▶ **Your instructions**:
What is needed is an exact copy of the lines from the start of the records below through the line with "Header file for", without the pictures.
[[ Data open ]]
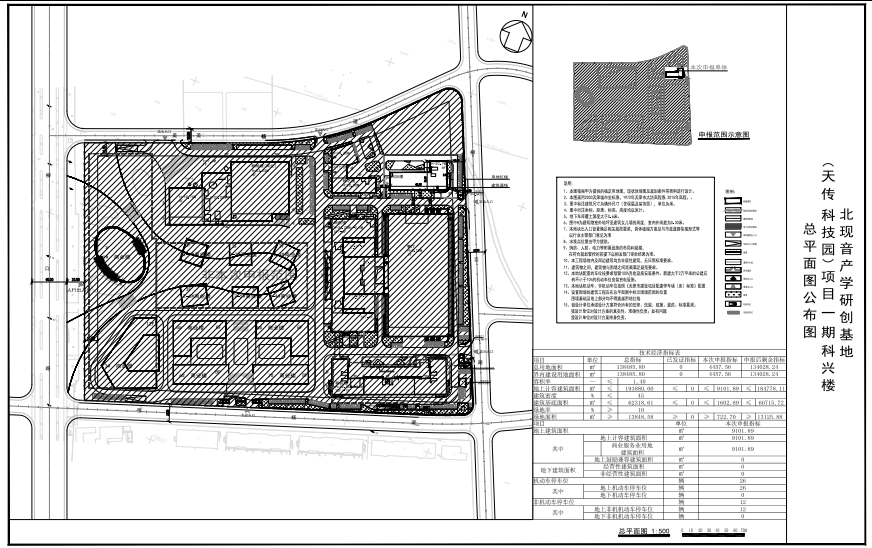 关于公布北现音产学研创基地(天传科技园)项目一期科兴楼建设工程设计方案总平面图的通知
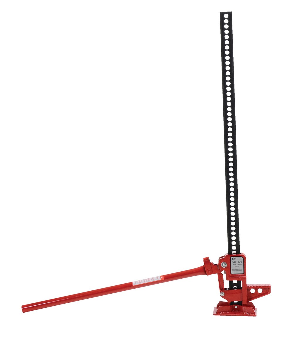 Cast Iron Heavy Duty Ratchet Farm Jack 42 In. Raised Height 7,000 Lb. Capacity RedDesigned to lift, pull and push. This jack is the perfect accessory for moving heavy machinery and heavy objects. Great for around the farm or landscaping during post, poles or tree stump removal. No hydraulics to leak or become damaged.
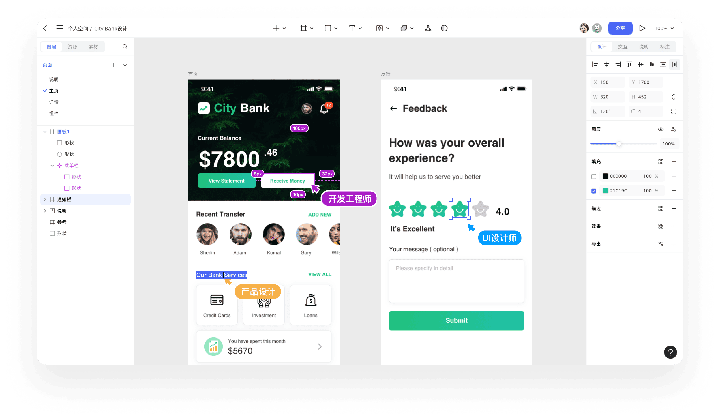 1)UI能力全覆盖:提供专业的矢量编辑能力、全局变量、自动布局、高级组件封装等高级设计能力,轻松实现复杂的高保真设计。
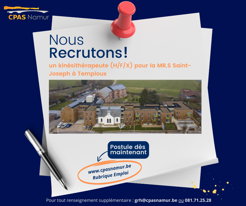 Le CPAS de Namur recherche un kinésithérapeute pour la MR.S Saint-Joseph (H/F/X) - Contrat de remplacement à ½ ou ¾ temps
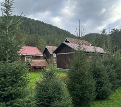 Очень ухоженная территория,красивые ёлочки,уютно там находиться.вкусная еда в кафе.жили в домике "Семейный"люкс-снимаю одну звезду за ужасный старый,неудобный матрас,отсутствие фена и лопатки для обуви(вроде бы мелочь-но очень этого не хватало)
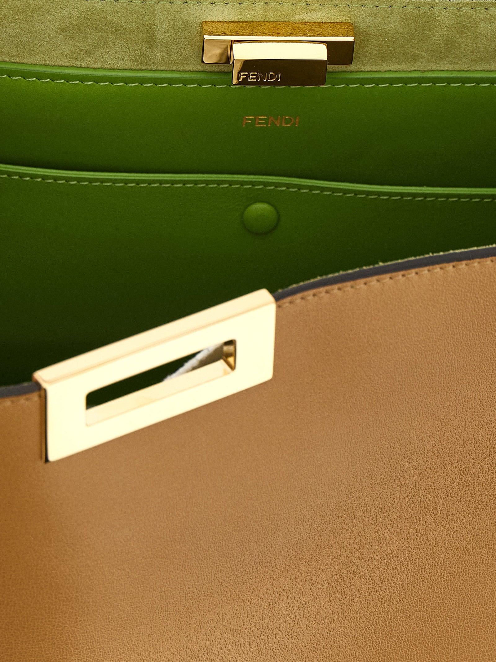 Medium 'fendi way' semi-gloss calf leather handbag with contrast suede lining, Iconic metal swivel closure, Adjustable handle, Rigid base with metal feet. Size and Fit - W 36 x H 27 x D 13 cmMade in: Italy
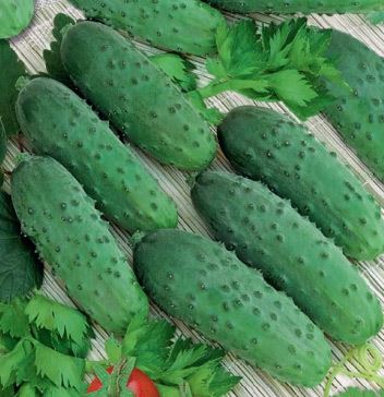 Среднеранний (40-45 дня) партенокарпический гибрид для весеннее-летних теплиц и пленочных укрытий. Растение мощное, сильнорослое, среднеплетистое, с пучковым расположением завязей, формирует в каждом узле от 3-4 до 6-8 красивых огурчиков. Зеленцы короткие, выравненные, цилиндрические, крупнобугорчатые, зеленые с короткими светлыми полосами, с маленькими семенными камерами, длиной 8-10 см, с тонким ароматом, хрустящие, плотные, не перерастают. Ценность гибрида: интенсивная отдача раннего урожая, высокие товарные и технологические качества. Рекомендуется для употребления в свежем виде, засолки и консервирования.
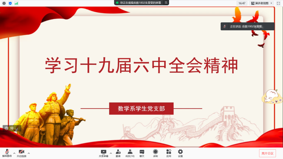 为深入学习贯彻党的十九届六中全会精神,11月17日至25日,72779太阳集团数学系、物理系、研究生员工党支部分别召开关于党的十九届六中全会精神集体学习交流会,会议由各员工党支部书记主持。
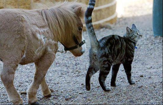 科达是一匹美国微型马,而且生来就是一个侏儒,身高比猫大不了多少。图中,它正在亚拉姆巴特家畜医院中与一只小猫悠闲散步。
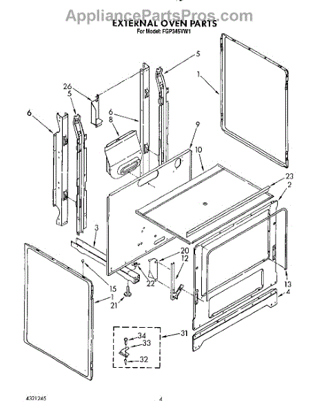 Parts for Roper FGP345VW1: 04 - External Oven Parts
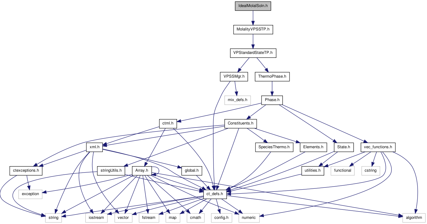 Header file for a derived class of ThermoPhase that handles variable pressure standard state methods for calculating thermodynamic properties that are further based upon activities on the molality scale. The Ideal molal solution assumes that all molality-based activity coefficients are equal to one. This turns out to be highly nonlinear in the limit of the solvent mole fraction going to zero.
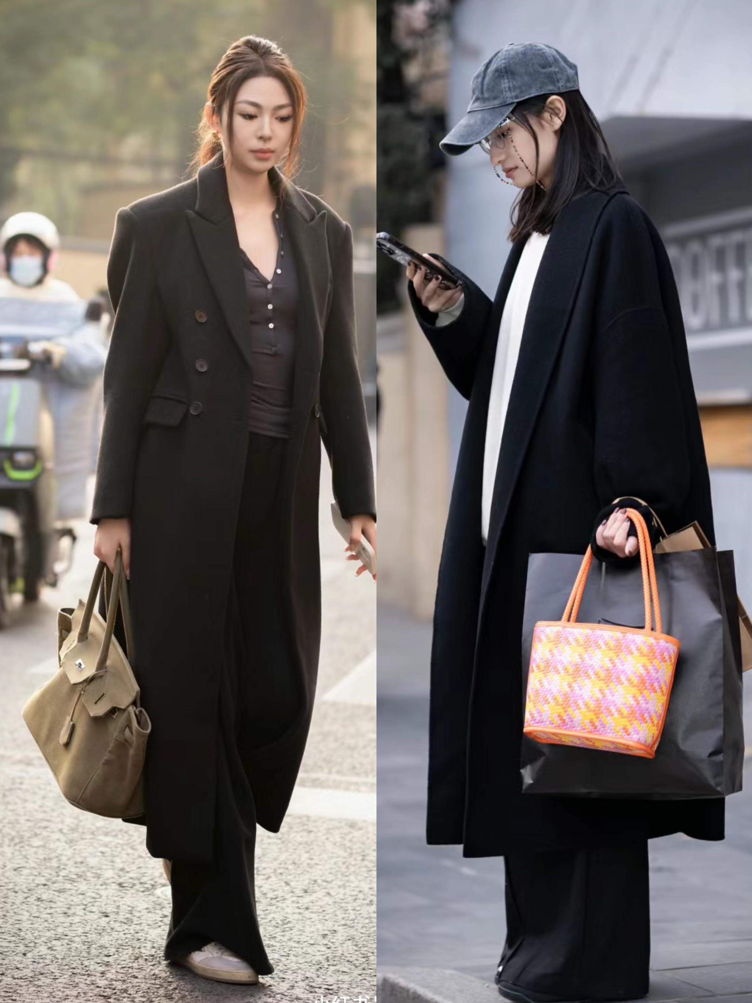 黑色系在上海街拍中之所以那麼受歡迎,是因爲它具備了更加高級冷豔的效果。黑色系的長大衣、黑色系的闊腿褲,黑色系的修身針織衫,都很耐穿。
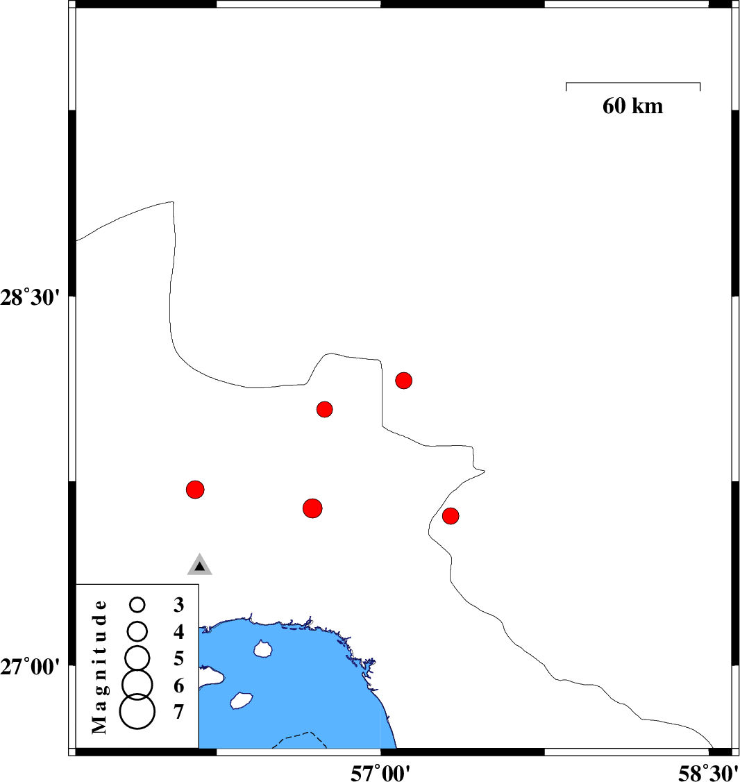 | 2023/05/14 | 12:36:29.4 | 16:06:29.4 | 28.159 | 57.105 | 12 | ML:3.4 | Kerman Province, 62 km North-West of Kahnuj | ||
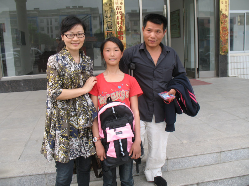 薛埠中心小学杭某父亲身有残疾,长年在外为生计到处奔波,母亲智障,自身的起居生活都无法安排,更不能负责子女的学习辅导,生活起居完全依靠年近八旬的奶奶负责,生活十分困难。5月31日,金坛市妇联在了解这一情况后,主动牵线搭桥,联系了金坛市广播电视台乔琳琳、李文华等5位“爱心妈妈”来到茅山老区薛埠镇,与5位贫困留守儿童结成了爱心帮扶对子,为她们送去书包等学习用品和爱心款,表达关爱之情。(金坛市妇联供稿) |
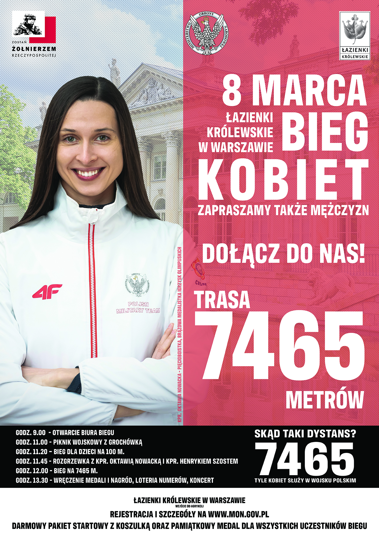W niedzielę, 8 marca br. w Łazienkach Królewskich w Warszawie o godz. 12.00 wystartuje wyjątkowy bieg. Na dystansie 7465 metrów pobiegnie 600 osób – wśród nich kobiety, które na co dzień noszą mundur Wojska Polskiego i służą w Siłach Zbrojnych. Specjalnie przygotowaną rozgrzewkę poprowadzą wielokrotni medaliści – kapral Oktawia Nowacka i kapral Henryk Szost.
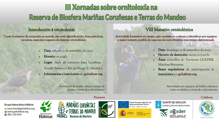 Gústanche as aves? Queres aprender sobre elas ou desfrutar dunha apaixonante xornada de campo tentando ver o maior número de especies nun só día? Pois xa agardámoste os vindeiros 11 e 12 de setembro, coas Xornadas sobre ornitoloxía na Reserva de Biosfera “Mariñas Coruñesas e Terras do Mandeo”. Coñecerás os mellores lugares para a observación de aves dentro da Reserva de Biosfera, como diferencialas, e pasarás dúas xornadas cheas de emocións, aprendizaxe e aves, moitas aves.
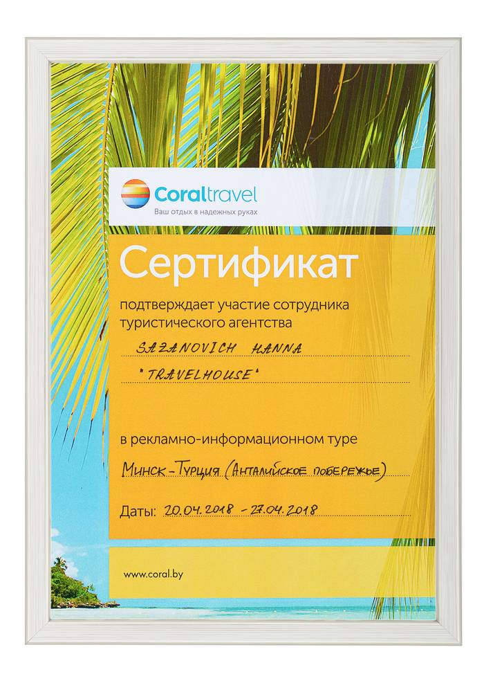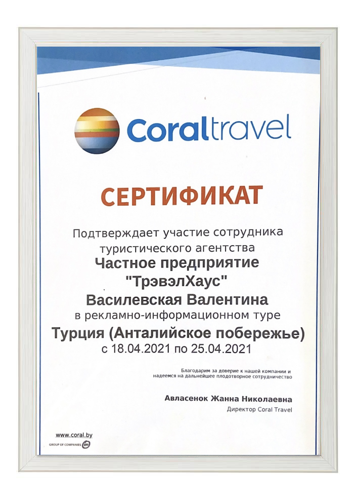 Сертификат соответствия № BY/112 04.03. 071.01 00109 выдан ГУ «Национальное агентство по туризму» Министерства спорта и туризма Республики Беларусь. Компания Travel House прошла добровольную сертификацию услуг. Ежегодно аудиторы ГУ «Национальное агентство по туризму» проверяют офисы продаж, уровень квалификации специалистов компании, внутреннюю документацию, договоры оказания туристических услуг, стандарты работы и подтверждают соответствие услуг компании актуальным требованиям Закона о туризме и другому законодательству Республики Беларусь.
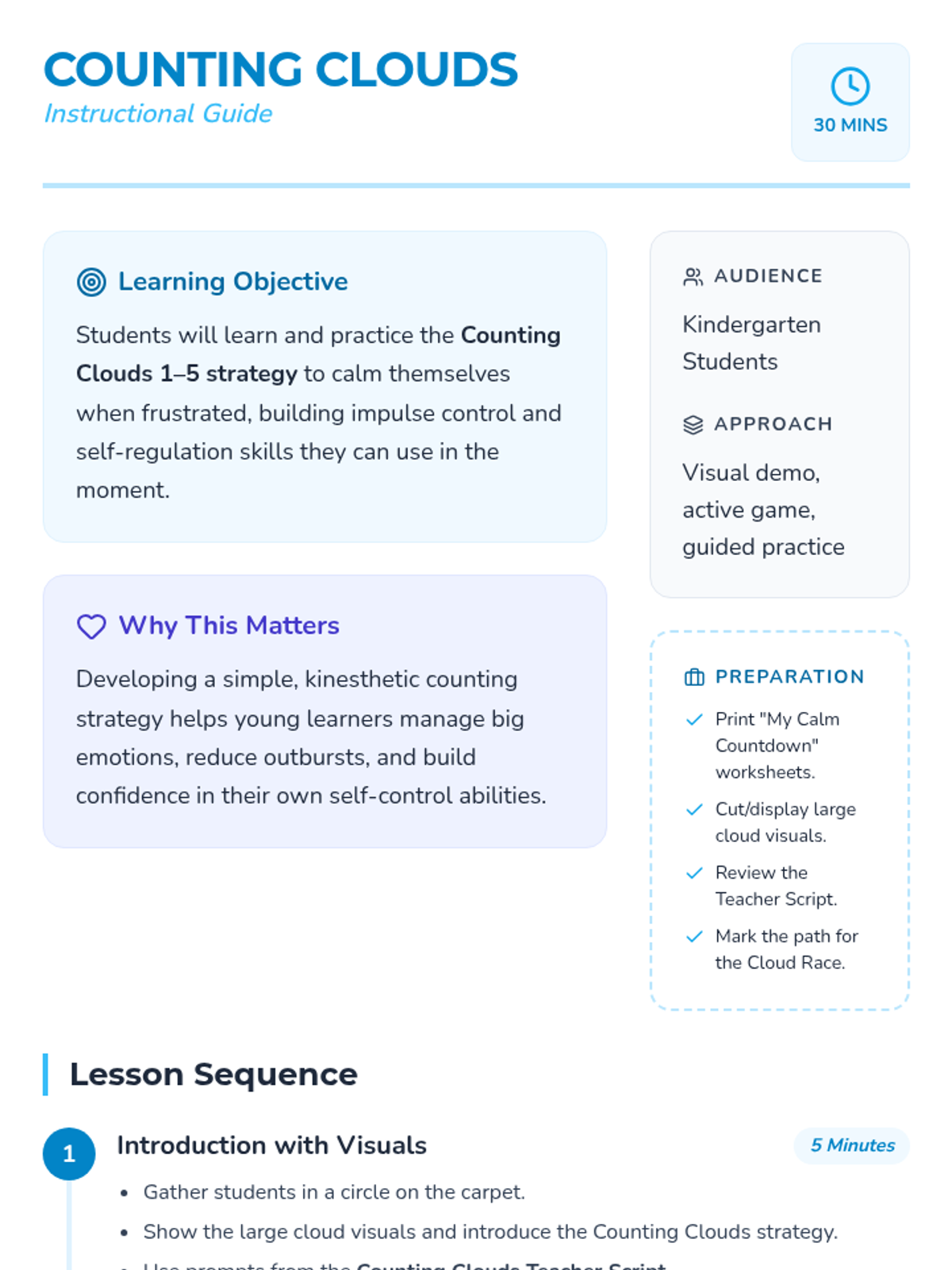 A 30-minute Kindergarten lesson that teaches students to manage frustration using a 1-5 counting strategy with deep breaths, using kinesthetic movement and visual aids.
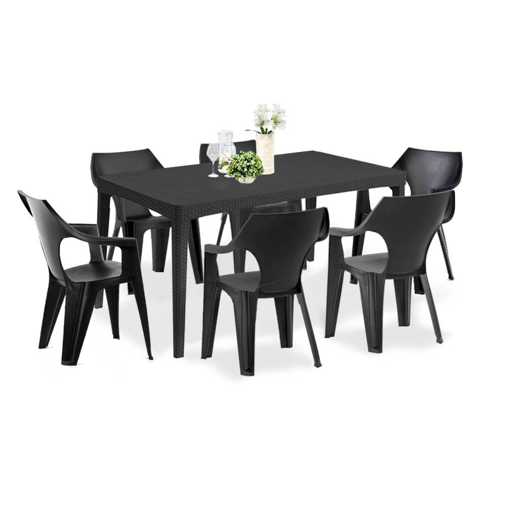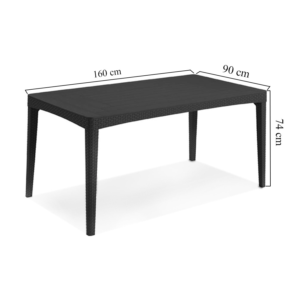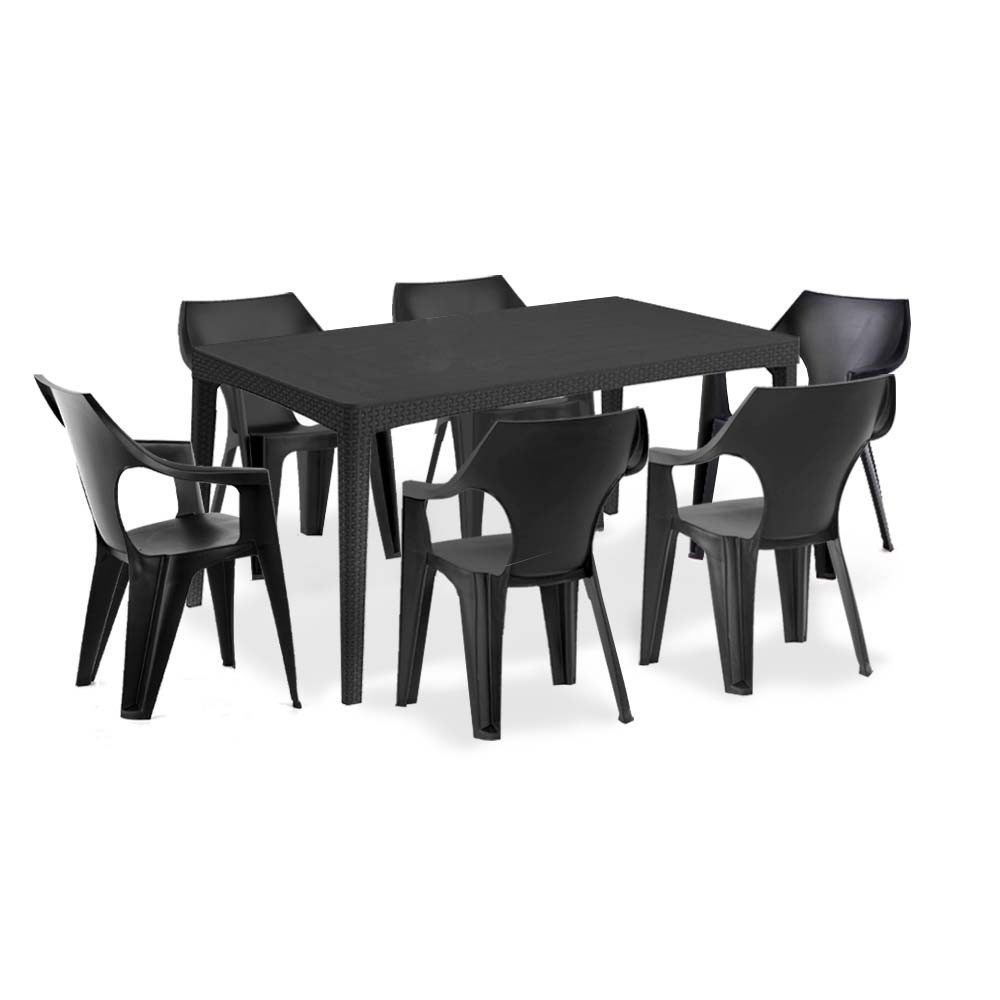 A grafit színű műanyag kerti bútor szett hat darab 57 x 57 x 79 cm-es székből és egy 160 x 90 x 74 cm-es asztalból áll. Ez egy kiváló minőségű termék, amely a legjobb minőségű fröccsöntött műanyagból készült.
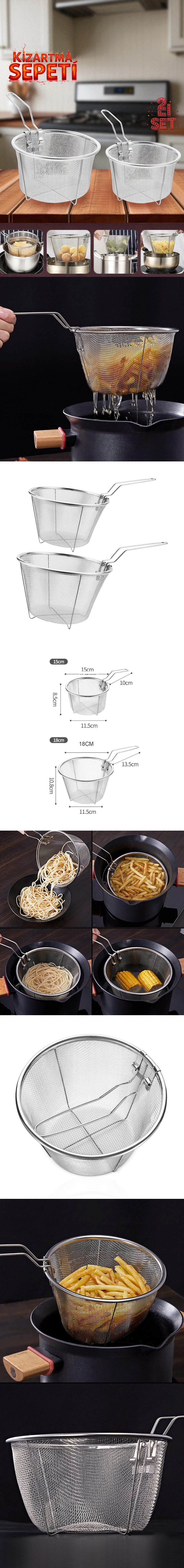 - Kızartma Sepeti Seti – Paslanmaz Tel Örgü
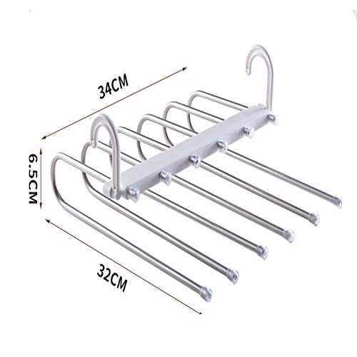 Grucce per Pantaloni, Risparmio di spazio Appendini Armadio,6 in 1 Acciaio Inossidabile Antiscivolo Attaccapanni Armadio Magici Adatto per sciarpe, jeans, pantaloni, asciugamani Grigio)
[[ Data closed ]]
▶ **Worked solution**:
 关于公布北现音产学研创基地(天传科技园)项目一期科兴楼建设工程设计方案总平面图的通知
 Cast Iron Heavy Duty Ratchet Farm Jack 42 In. Raised Height 7,000 Lb. Capacity RedDesigned to lift, pull and push. This jack is the perfect accessory for moving heavy machinery and heavy objects. Great for around the farm or landscaping during post, poles or tree stump removal. No hydraulics to leak or become damaged.
 1)UI能力全覆盖:提供专业的矢量编辑能力、全局变量、自动布局、高级组件封装等高级设计能力,轻松实现复杂的高保真设计。
 Le CPAS de Namur recherche un kinésithérapeute pour la MR.S Saint-Joseph (H/F/X) - Contrat de remplacement à ½ ou ¾ temps
 Очень ухоженная территория,красивые ёлочки,уютно там находиться.вкусная еда в кафе.жили в домике "Семейный"люкс-снимаю одну звезду за ужасный старый,неудобный матрас,отсутствие фена и лопатки для обуви(вроде бы мелочь-но очень этого не хватало)
 Medium 'fendi way' semi-gloss calf leather handbag with contrast suede lining, Iconic metal swivel closure, Adjustable handle, Rigid base with metal feet. Size and Fit - W 36 x H 27 x D 13 cmMade in: Italy
 Среднеранний (40-45 дня) партенокарпический гибрид для весеннее-летних теплиц и пленочных укрытий. Растение мощное, сильнорослое, среднеплетистое, с пучковым расположением завязей, формирует в каждом узле от 3-4 до 6-8 красивых огурчиков. Зеленцы короткие, выравненные, цилиндрические, крупнобугорчатые, зеленые с короткими светлыми полосами, с маленькими семенными камерами, длиной 8-10 см, с тонким ароматом, хрустящие, плотные, не перерастают. Ценность гибрида: интенсивная отдача раннего урожая, высокие товарные и технологические качества. Рекомендуется для употребления в свежем виде, засолки и консервирования.
 为深入学习贯彻党的十九届六中全会精神,11月17日至25日,72779太阳集团数学系、物理系、研究生员工党支部分别召开关于党的十九届六中全会精神集体学习交流会,会议由各员工党支部书记主持。
 科达是一匹美国微型马,而且生来就是一个侏儒,身高比猫大不了多少。图中,它正在亚拉姆巴特家畜医院中与一只小猫悠闲散步。
 Parts for Roper FGP345VW1: 04 - External Oven Parts
 Header file for a derived class of ThermoPhase that handles variable pressure standard state methods for calculating thermodynamic properties that are further based upon activities on the molality scale. The Ideal molal solution assumes that all molality-based activity coefficients are equal to one. This turns out to be highly nonlinear in the limit of the solvent mole fraction going to zero.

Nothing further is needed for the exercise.